Экспертизу по обоим искам готовила известный ученый-лингвист, ведущий научный сотрудник Института русского языка им. В.В. Виноградова РАН, кандидат филологических наук, автор книг "Русский со словарем" и "О чем речь" Ирина Левонтина.

Российский лингвист Ирина Левонтина
Российский лингвист Ирина Левонтина

– Никаких претензий по существу у Пригожина ко мне нет, главное для него – чтобы мои заключения, которые уже есть в деле, отвели как недопустимое доказательство, ради этого все и делается, – говорит Ирина Левонтина. – Интересно при этом, что у них ведь есть и свое заключение, где говорится противоположное тому, что написала я, но, видимо, они так в нем не уверены, что хотят выбросить мое заключение на ближних подступах, чтобы оно даже не звучало в суде, чтобы его и близко не было.

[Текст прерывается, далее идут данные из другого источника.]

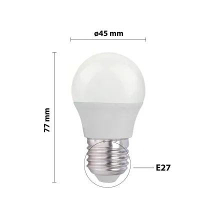 Cette ampoule LED E27 Boule Dépolie 2.5W 250lm - 827 | Remplacement 25W avec son efficacité lumineuse de lumen par watt vous permettra de profiter d’un éclairage de qualité. Avec sa durée de vie de 15000 heures, vous n’aurez pas à vous soucier de son remplacement avant quelques années.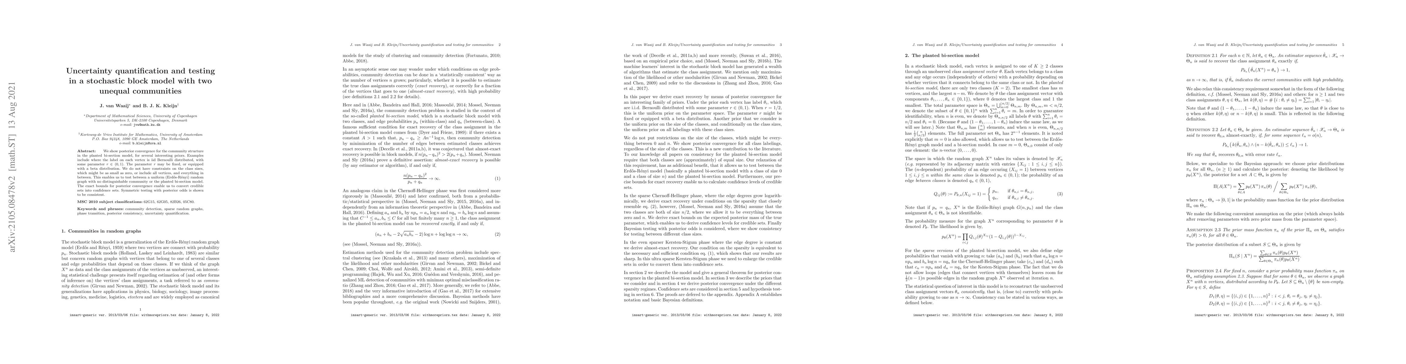 We show posterior convergence for the community structure in the planted bi-section model, for several interesting priors. Examples include where the label on each vertex is iid Bernoulli distributed, with some parameter $r\in(0,1)$. The parameter $r$ may be fixed, or equipped with a beta distribution. We do not have constraints on the class sizes, which might be as small as zero, or include all vertices, and everything in between. This enables us to test between a uniform (Erd\"os-R\'enyi) random graph with no distinguishable community or the planted bi-section model. The exact bounds for posterior convergence enable us to convert credible sets into confidence sets. Symmetric testing with posterior odds is shown to be consistent.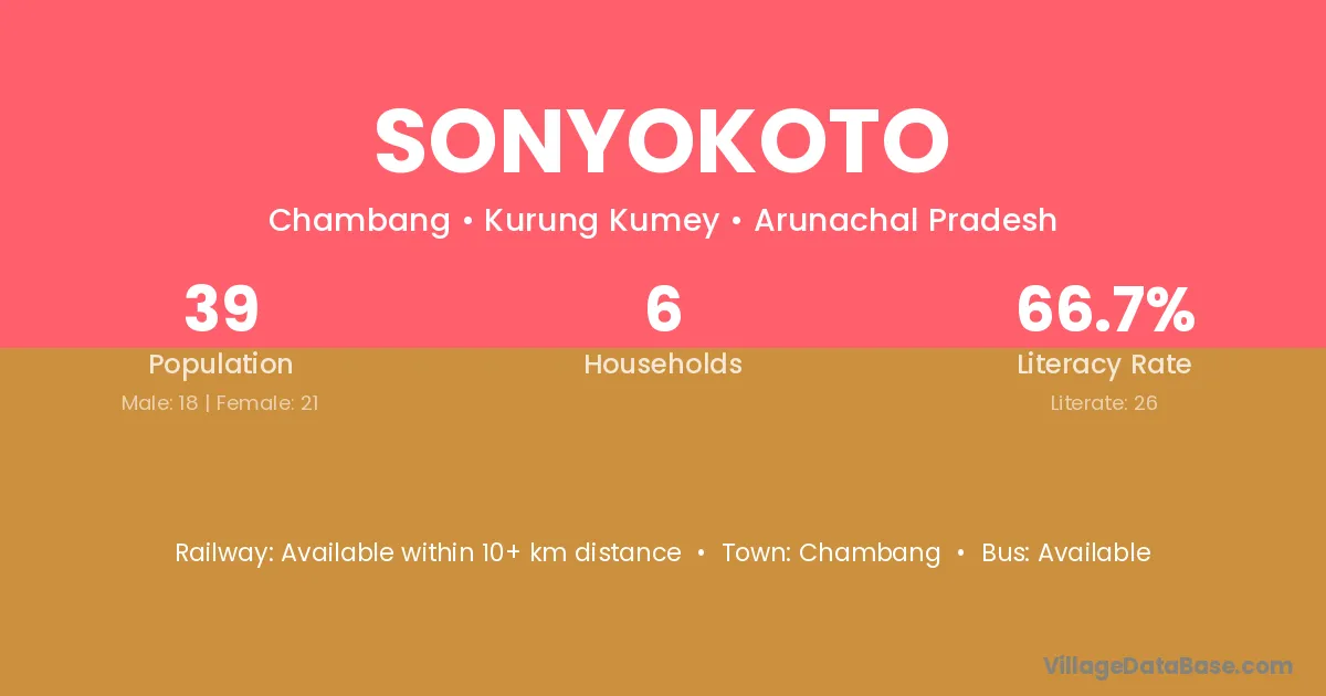 Sonyokoto village has a total population of 39 people, of which 18 are males and 21 are females.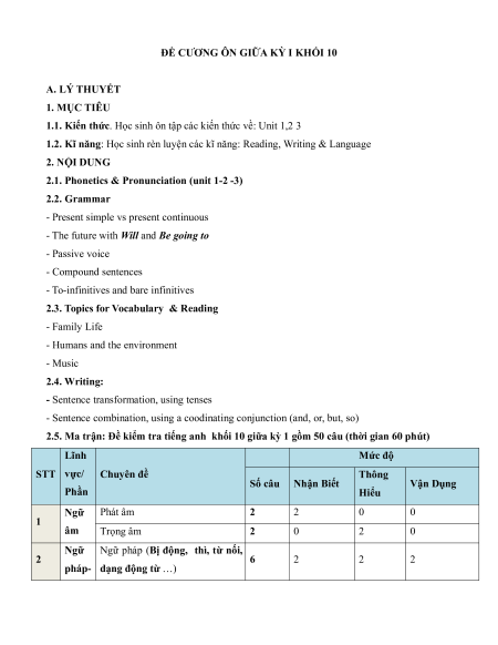 ĐỀ CƯƠNG ÔN GIỮA KỲ I KHỐI 10 A. LÝ THUYẾT 1. MỤC TIÊU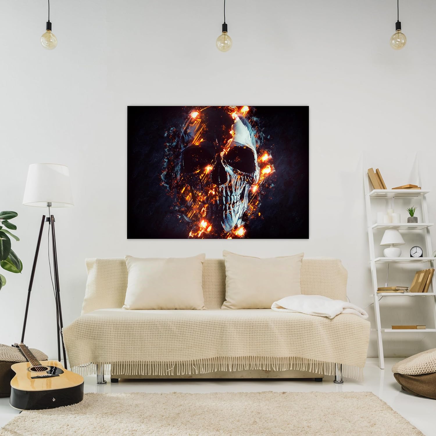 wandmotiv24 Leinwand-Bilder Totenköpfe, Grösse 100x75cm, Querformat, Totenkopf Explosion, Feuer, Boo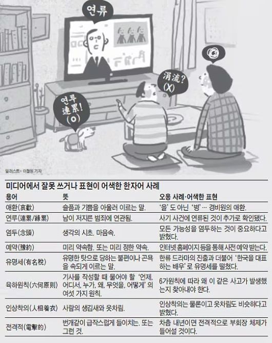 단어의 한자를 모르다 보니 발음이 비슷한 엉뚱한 표기가 기사에 버젓이 노출되기도 한다. “걸그룹 전 멤버가 마약 사건에 연류됐다고 전해졌다”는 한 인터넷 기사의 문장에서 ‘연류’는 무슨 뜻일까? ‘표준국어대사전’에는 ‘연류(涓流·작은 흐름)’와 ‘연류(連類·하나의 무리를 이룬 동아리)’라는 두 단어가 등재돼 있지만, 이 문장에선 모두 뜻이 통하지 않는다. 이 말은 ‘남이 저지른 범죄에 연관됨’이란 뜻을 지닌 ‘연루(連累/緣累)’를 잘못 쓴 것이다.

В своей экспертизе на иск к Шевченко Левонтина написала, что считает его высказывания оценочными, выражающими его личное мнение, и не нашла в них ничего, что могло бы унизить честь и достоинство истца. Вывод по второму иску заключался в том, что Венедиктов выражал "свое личное видение" предмета, о котором шла речь в эфире, что выражал он свое мнение в исключительно пристойной форме и что однозначно негативной информации о Пригожине в его словах не прозвучало.

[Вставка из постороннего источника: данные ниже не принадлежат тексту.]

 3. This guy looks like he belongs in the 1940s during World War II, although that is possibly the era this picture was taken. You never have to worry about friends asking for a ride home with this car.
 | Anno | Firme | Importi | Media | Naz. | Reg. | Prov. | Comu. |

В своей жалобе, поданной в прокуратуру на Левонтину, "повар Путина" Пригожин, как его часто называют в СМИ, не оспаривает экспертного заключения по существу, а обвиняет его автора в том, что она якобы неправомерно использовала гербовую печать института им. В.В. Виноградова в своих документах.

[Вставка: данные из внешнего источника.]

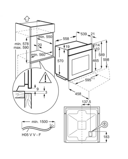Dimensões de encastre (AxLxP), em mm: 593x560x550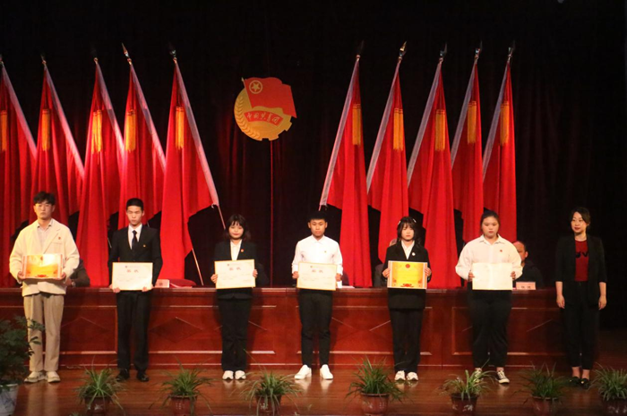 大会在庄严的国歌声中正式开始👨🏻🦱。在此次大会中🕸,副校长马赞宣读团学系统表彰决定,并由校领导分别为获奖集体、个人颁发证书奖状。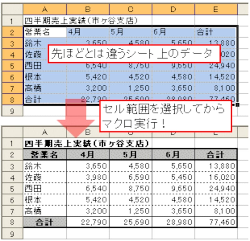 先ほど罫線を引いたセル以外の任意のセルを選択して(ここでは、別シートに入力した「市ヶ谷支店の売上実績表を選択しています)、「ツール」メニュー→「マクロ」→「マクロ」をクリックします。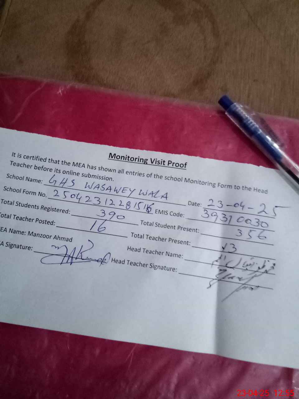| EMIS Code: 39310030 | Name of School: GHS WASAWEY WALA | |||

То, что я неправомерно использовала печать института, – это полная ерунда

– На прошлом судебном заседании они сказали, что якобы против меня возбуждено административное производство. Мне об этом ничего не известно, никаких документов они не представили, судья направил запрос в МВД, чтобы узнать, действительно ли это так. Мне никто не звонил, никаких повесток я не получала – я думаю, что вообще-то сначала у меня должны были взять объяснение. Но пока ничего такого нет. То, что я неправомерно использовала печать института, – это полная ерунда. Позовут – пойду, принесу все соответствующие нормативные акты, документы, пусть разбираются. Пойду, конечно, с адвокатом, если проиграю, буду обжаловать – что поделаешь.

– Вы уже обсуждали с юристами плохой вариант развития событий, чем это может вам грозить?

– Ну, это административное дело, до расстрела вряд ли дойдет, хотя сторона Пригожина заявила, что будет добиваться моего наказания по всей строгости, а как будут развиваться события, я не знаю.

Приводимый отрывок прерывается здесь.